** INPUT MATERIAL **
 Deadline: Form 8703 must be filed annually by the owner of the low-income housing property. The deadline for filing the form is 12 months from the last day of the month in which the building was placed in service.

* * *

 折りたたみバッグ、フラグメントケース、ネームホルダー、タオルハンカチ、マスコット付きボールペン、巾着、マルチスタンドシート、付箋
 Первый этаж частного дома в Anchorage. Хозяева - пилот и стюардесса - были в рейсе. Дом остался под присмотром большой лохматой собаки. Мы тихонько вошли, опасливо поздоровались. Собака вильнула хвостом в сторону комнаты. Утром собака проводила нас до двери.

** TASK GOAL **
Return exactly, and only, the lines above starting at the line that contains "折りたたみバッグ、フラグメン" and ending at the line that contains "Первый этаж частного".

** PROBLEM SOLUTION **
 折りたたみバッグ、フラグメントケース、ネームホルダー、タオルハンカチ、マスコット付きボールペン、巾着、マルチスタンドシート、付箋
 Первый этаж частного дома в Anchorage. Хозяева - пилот и стюардесса - были в рейсе. Дом остался под присмотром большой лохматой собаки. Мы тихонько вошли, опасливо поздоровались. Собака вильнула хвостом в сторону комнаты. Утром собака проводила нас до двери.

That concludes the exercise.